━━ RECORDS SHOWN ━━

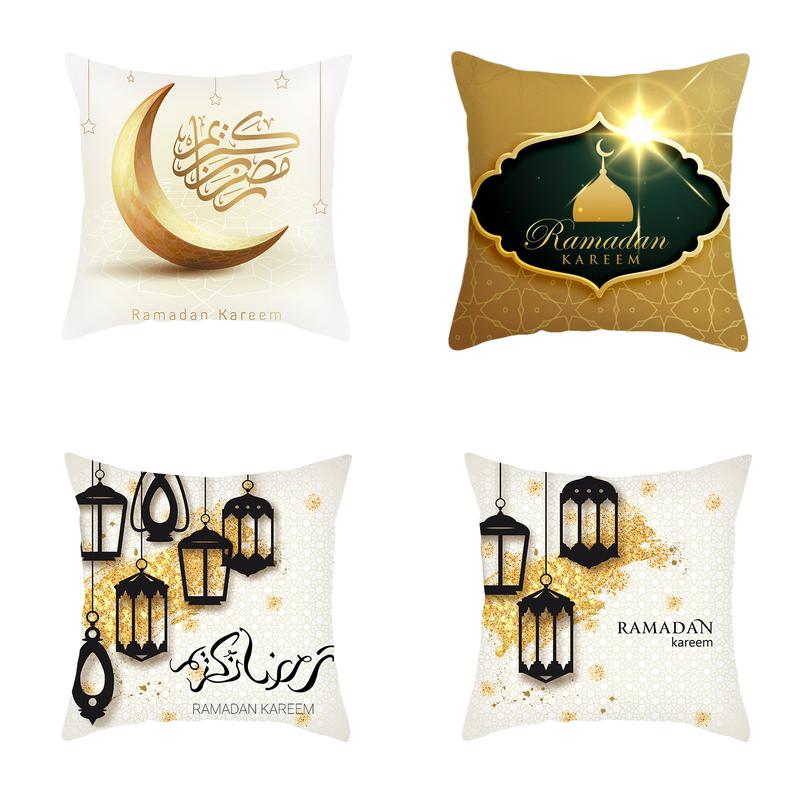 Home Decor Ramadan Kareem Lantern & Crescent Pillow Covers Pattern Cushion Cover Suitable For Sofa Bedroom Car Pillow Cover
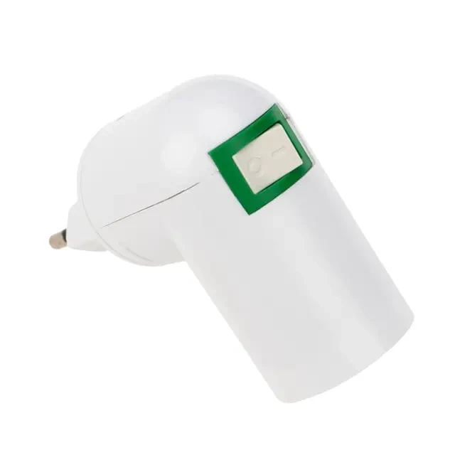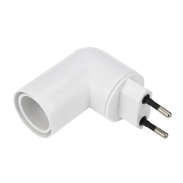 Цокольный переходник 220 В – E14 предназначен для подключения лампочки с цоколем E14 к сети переменного тока 220 В. Используется для создания дополнительного источника света в местах, где есть розетка. Корпус переходника изготовлен из термостойкого пластика PBT, который выдерживает высокие температуры отличается хорошими изоляционными свойствами, ударопрочностью и химической стойкостью, что делает использование патрона безопасным и надежным. В корпус встроен выключатель, который позволяет погасить свет не извлекая устройство из розетки. Корпус можно повернуть на 180° относительно розетки, благодаря чему можно направить свет в нужную сторону. Частота питания: 50/60 Гц.
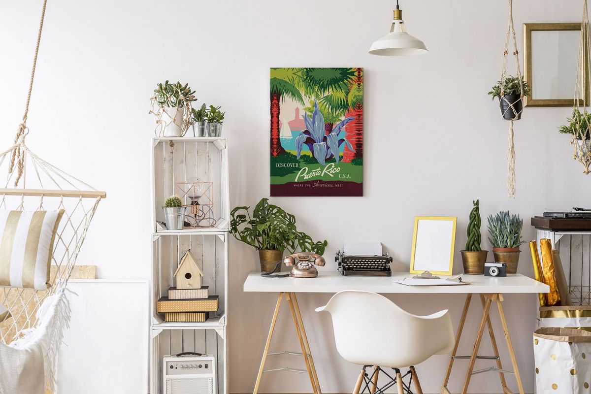 Puerto Rico- obraz na płótnie Naciągnięty na sosnowe krosna. Gotowy do zawieszenia na ścianę. Wykonany z najwyższą dbałością o detale. Obraz jest ostry a barwy nasycone. Ten egzemplarz posiada zadrukowane boki, nie trzeba go dodatkowo oprawiać. Płótno bawełniane na który został naniesiony obraz jest bardzo mocne i posiada ciekawą fakturę. Blejtrama wykonana jest natomiast z grubego drzewa sosnowego. Jest solidna, jej szerokość to 3,5 cm a grubość 2 cm. Kupując ten produkt masz pewność, że kupujesz z legalnego źródła i wspierasz artystów. Obraz jest oryginalny i posiada licencję. Lubisz wyróżniać się ciekawymi, ekskluzywnymi dekoracjami na ścianę? Ten obraz jest idealny dla Ciebie. Nikt nie przejdzie obojętnie obok niego, jest po prostu piękny. Dane techniczne Płótno bawełniane 300g/m2 Sosnowe krosnao grubości 2 cm i szerokości 3,5 cm Obraz zadrukowany cyfrowo Wymiary obrazu 30×40 cm
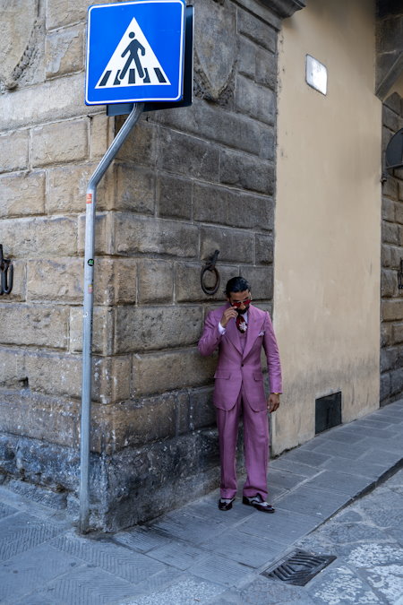 SA: When I got into the groove of menswear circles on social media, I started noticing this phenomenon called Pitti Uomo: a bi-annual tradeshow where all my favourite guys were hanging out. I'd already explored London on my adventures discovering Savile Row tailors, shirtmakers, shoemakers and the like, to explore British craftsmanship and its tailoring heritage, so, I thought Italy would be the next place to conquer. Pitti in Florence, being a mecca for menswear enthusiasts, was then the no-brainer choice to be. It was here after several editions of the show, together with my standout style that I caught the attention of my tailor who wanted to work with me in a collaborative effort as brand ambassador - to show off and represent their work - it was a real dream come true moment. I'd already seen their work online, the most beautiful Neapolitan details under a Japanese twist: two cultures I truly admired for their approach to craftsmanship. I think the style really spoke to me because of the design forward approach Michele takes, everything had a speaking expressive quality from the roped shoulders down to the double-pick stitching. I fell in love.
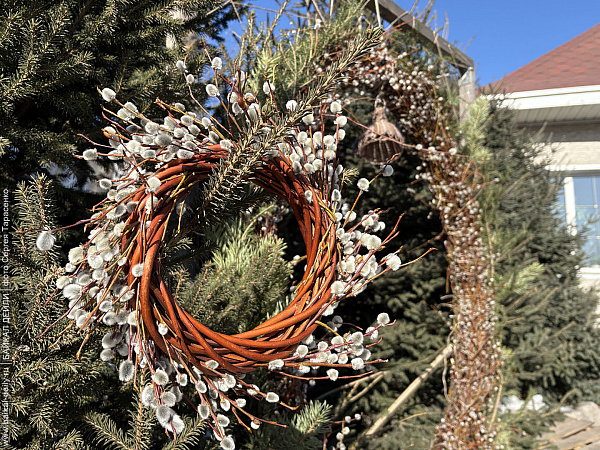 В России в богослужебной традиции пальмовые ветви заменила верба. Темно-красный цвет веток напоминает о пролитой на Кресте за спасение мира крови Христовой, а белые пушистые кисточки – убелённые жертвой Христовой человеческие души.
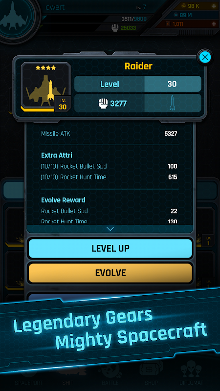 - Various Weapons: A spaceship can carry up to seven weapons and five defense gears. You do have a chance to customize your invincible aircraft with various weapons!
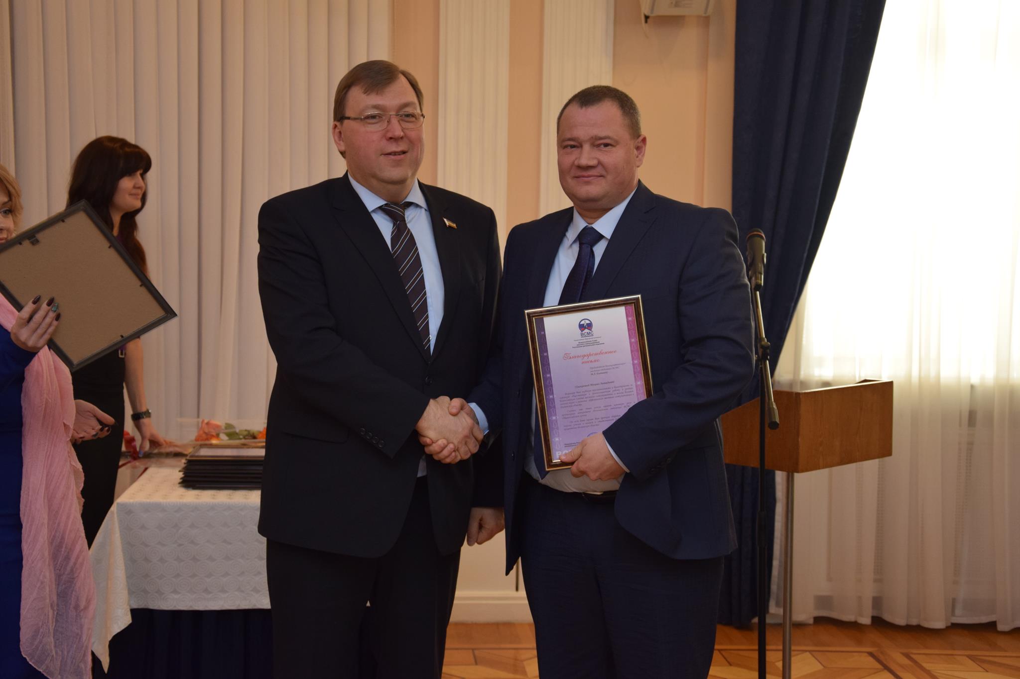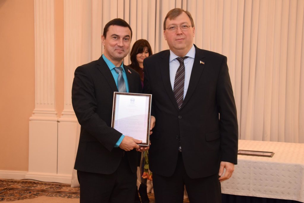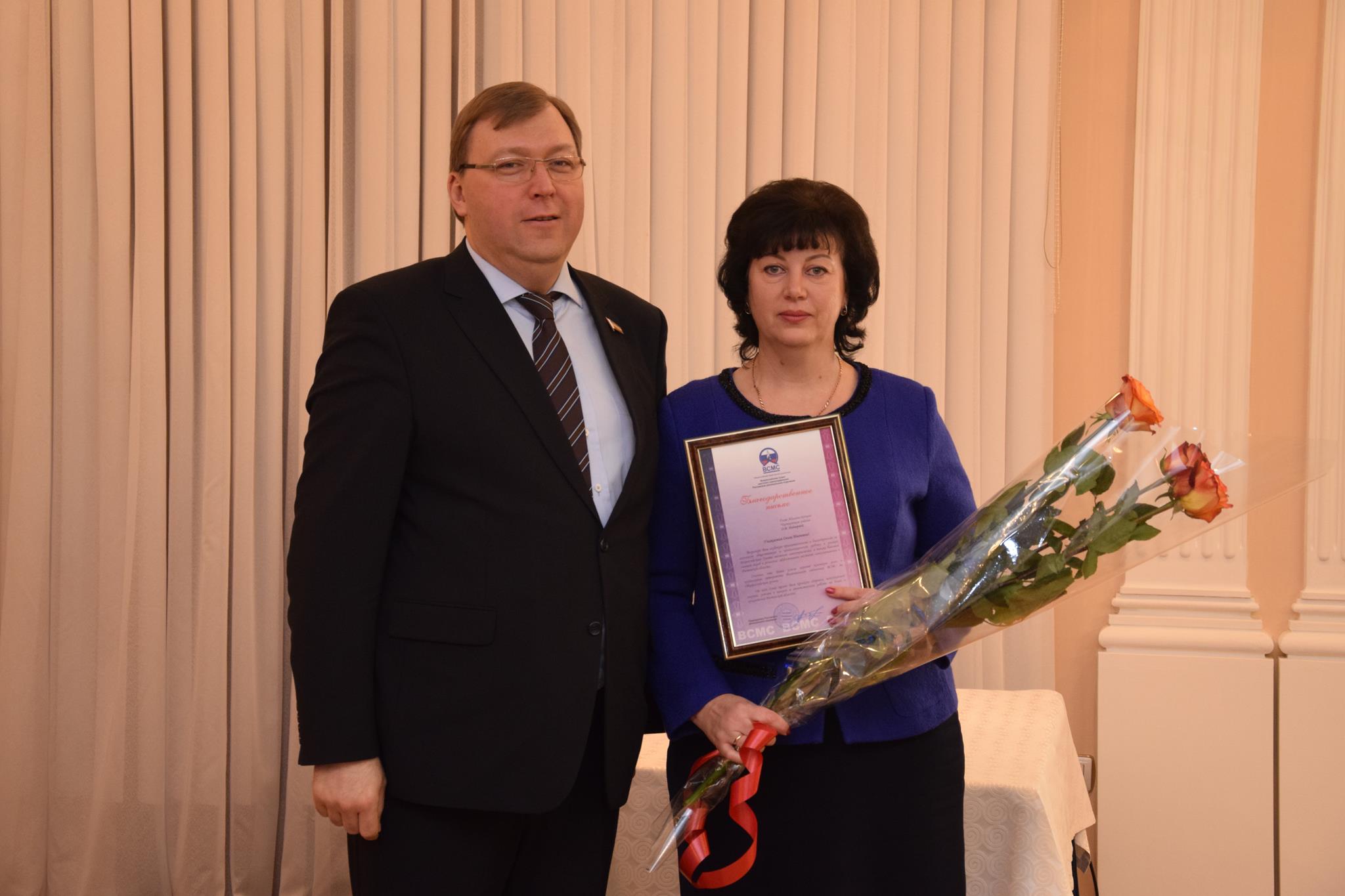 Александр Ищенко вручил ряд Благодарственных писем — за активную общественную и организационную работу в рамках ВСМС, а также за большой личный вклад в развитие местного самоуправления в РО. Среди награждённых — председатель городской Думы — глава города Шахты Ирина Жукова.

━━━

From the first line to the last, repeat the records exactly. Leave out the pictures.

» **EXERCISE OUTPUT**
 Home Decor Ramadan Kareem Lantern & Crescent Pillow Covers Pattern Cushion Cover Suitable For Sofa Bedroom Car Pillow Cover
 Цокольный переходник 220 В – E14 предназначен для подключения лампочки с цоколем E14 к сети переменного тока 220 В. Используется для создания дополнительного источника света в местах, где есть розетка. Корпус переходника изготовлен из термостойкого пластика PBT, который выдерживает высокие температуры отличается хорошими изоляционными свойствами, ударопрочностью и химической стойкостью, что делает использование патрона безопасным и надежным. В корпус встроен выключатель, который позволяет погасить свет не извлекая устройство из розетки. Корпус можно повернуть на 180° относительно розетки, благодаря чему можно направить свет в нужную сторону. Частота питания: 50/60 Гц.
 Puerto Rico- obraz na płótnie Naciągnięty na sosnowe krosna. Gotowy do zawieszenia na ścianę. Wykonany z najwyższą dbałością o detale. Obraz jest ostry a barwy nasycone. Ten egzemplarz posiada zadrukowane boki, nie trzeba go dodatkowo oprawiać. Płótno bawełniane na który został naniesiony obraz jest bardzo mocne i posiada ciekawą fakturę. Blejtrama wykonana jest natomiast z grubego drzewa sosnowego. Jest solidna, jej szerokość to 3,5 cm a grubość 2 cm. Kupując ten produkt masz pewność, że kupujesz z legalnego źródła i wspierasz artystów. Obraz jest oryginalny i posiada licencję. Lubisz wyróżniać się ciekawymi, ekskluzywnymi dekoracjami na ścianę? Ten obraz jest idealny dla Ciebie. Nikt nie przejdzie obojętnie obok niego, jest po prostu piękny. Dane techniczne Płótno bawełniane 300g/m2 Sosnowe krosnao grubości 2 cm i szerokości 3,5 cm Obraz zadrukowany cyfrowo Wymiary obrazu 30×40 cm
 SA: When I got into the groove of menswear circles on social media, I started noticing this phenomenon called Pitti Uomo: a bi-annual tradeshow where all my favourite guys were hanging out. I'd already explored London on my adventures discovering Savile Row tailors, shirtmakers, shoemakers and the like, to explore British craftsmanship and its tailoring heritage, so, I thought Italy would be the next place to conquer. Pitti in Florence, being a mecca for menswear enthusiasts, was then the no-brainer choice to be. It was here after several editions of the show, together with my standout style that I caught the attention of my tailor who wanted to work with me in a collaborative effort as brand ambassador - to show off and represent their work - it was a real dream come true moment. I'd already seen their work online, the most beautiful Neapolitan details under a Japanese twist: two cultures I truly admired for their approach to craftsmanship. I think the style really spoke to me because of the design forward approach Michele takes, everything had a speaking expressive quality from the roped shoulders down to the double-pick stitching. I fell in love.
 В России в богослужебной традиции пальмовые ветви заменила верба. Темно-красный цвет веток напоминает о пролитой на Кресте за спасение мира крови Христовой, а белые пушистые кисточки – убелённые жертвой Христовой человеческие души.
 - Various Weapons: A spaceship can carry up to seven weapons and five defense gears. You do have a chance to customize your invincible aircraft with various weapons!
 Александр Ищенко вручил ряд Благодарственных писем — за активную общественную и организационную работу в рамках ВСМС, а также за большой личный вклад в развитие местного самоуправления в РО. Среди награждённых — председатель городской Думы — глава города Шахты Ирина Жукова.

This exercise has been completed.